The mission of the National Animal Health Laboratory Network is "to provide accessible, timely, accurate and consistent animal disease laboratory services nationwide and maintain the capacity and capability to respond to a foreign animal disease outbreak and to focus on diseases of livestock, but also including non-livestock species." On-going surveillance is performed at Colorado State University Veterinary Diagnostic Laboratory (CSUVDL)for Bovine Spongiform Encephalopathy (BSE), Chronic Wasting Disease (CWD), Scrapie, Avian Influenza (AI), Exotic Newcastle's Disease (END), Vesicular Stomatitis (VS) and Classical Swine Fever (CSF). This on-going surveillance is planned to continue for the next year. Various diagnostic laboratory faculty and staff will continue to serve on the NAHLN Steering Committee (Powers, Kammerzell) and Methods Technical Work Group (Pabilonia) and Information Technology Committee (Kammerzell). The technical methods working group designs and standardizes the assays to be used for testing in the laboratories, and the steering committee helps guide the progress of the NAHLN IT committee to ensure the data is input accurately to the repository in a timely fashion. Other infrastructure efforts will continue to enhance detection, response and recovery from an animal agriculture catastrophe or early detection of an emerging disease.
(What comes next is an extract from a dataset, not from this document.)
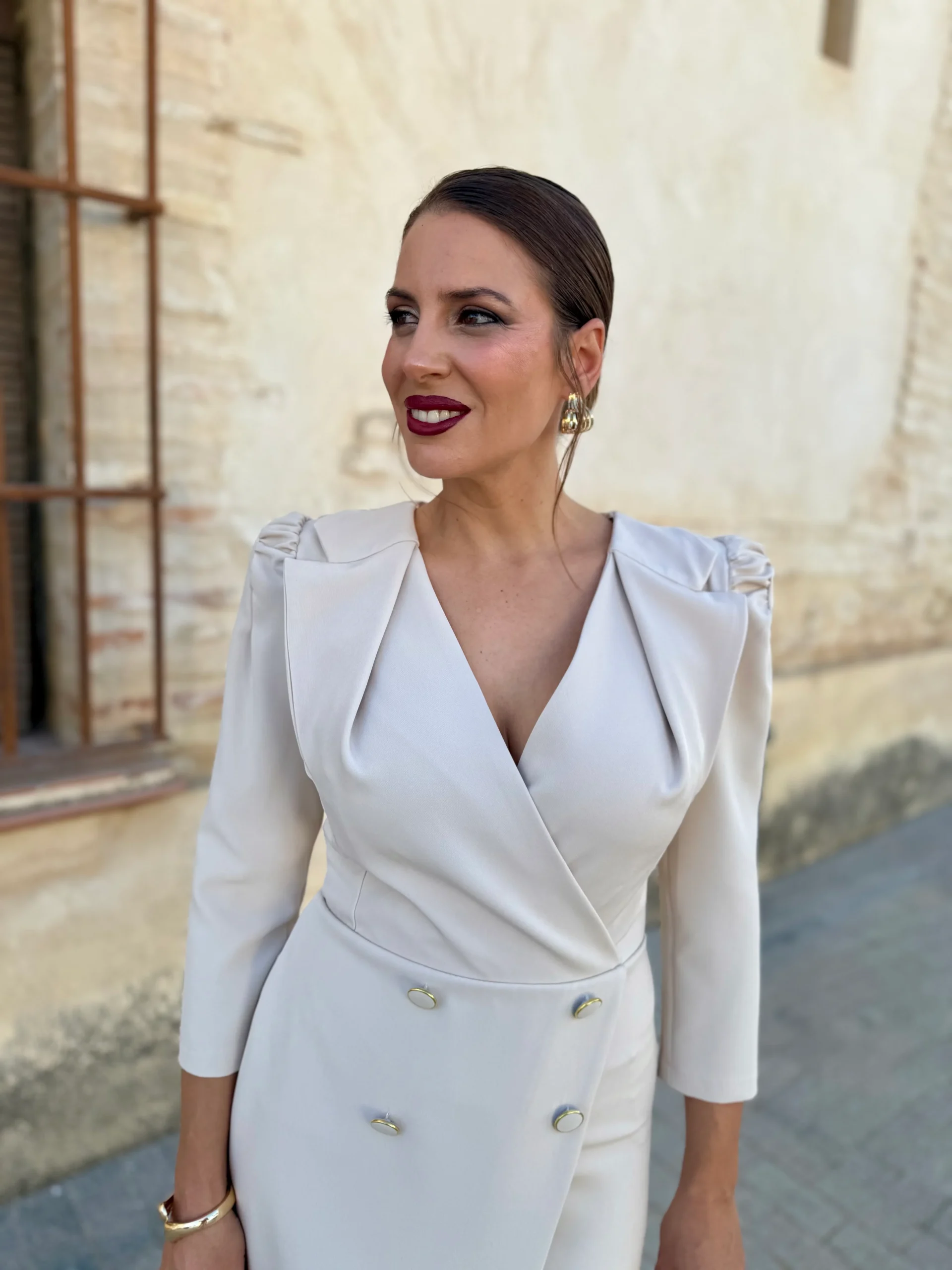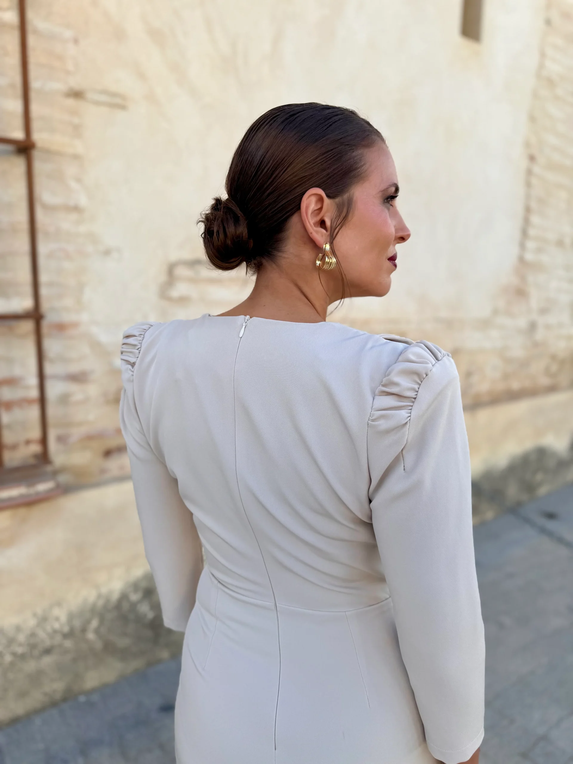 Perfecto para quienes buscan un look sofisticado y minimalista, este vestido en tono neutro se combina fácilmente con complementos dorados, nude o metalizados. Añade unas sandalias de tacón fino y un clutch para un resultado impecable.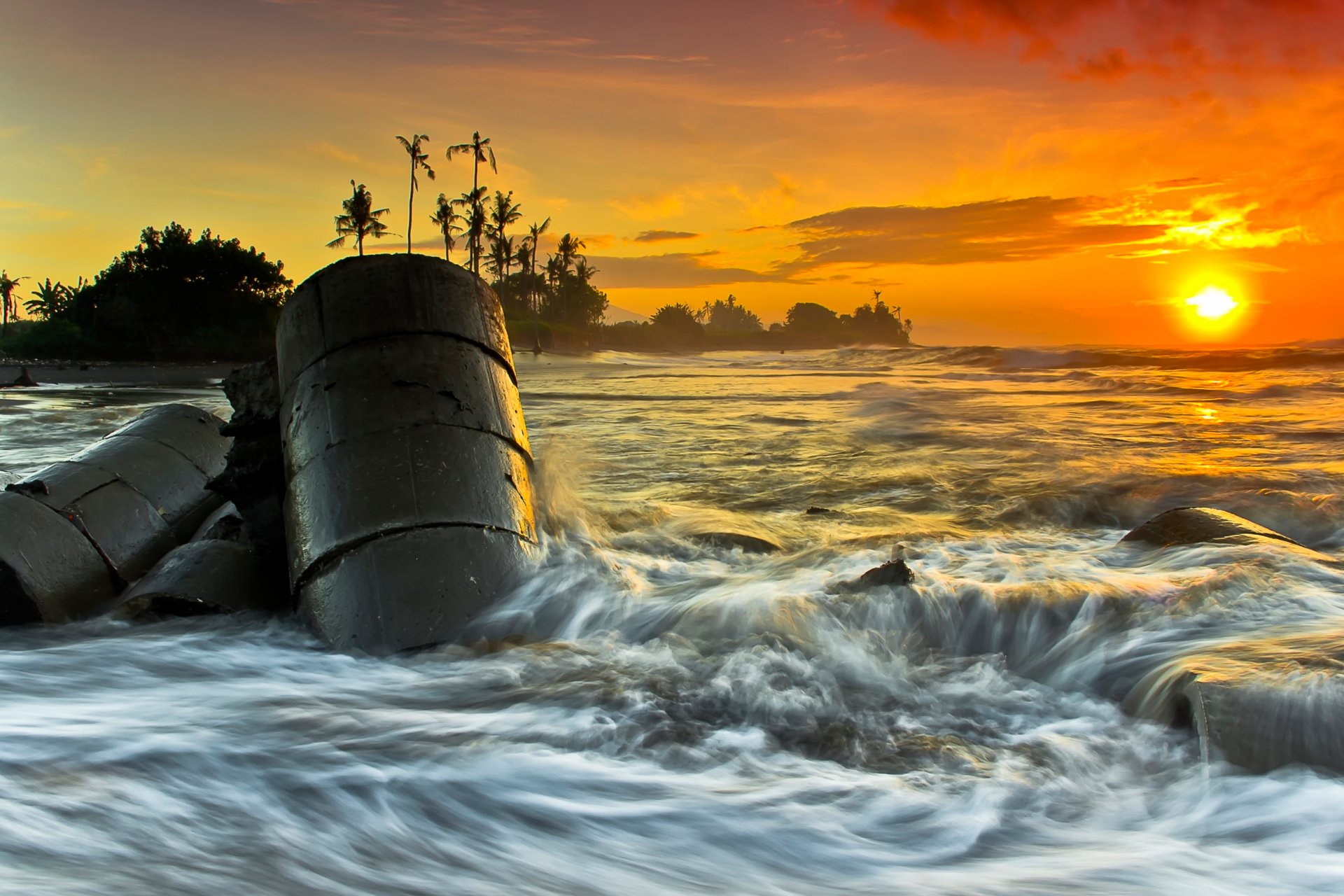 Tonneaux dans la mer sur fond de coucher de soleilTonneaux dans la mer sur fond de coucher de soleil

Outreach efforts to stakeholders in the region will continue.

More information

NON-TECHNICAL SUMMARY: The mission of the National Animal Health Laboratory Network is "to provide accessible, timely, accurate and consistent animal disease laboratory services nationwide and maintain in the capacity and capability to respond to a foreign animal disease outbreak and to focus on diseases of livestock, but also including non-livestock species." This protects the nation's public health, and the nation's food supply from a foreign animal disease outbreak, such as foot and mouth disease, or avian influenza. This may save the country millions of dollars protecting the agriculture systems, and protecting public health. The laboratory system also detects for new and emerging diseases that may occur.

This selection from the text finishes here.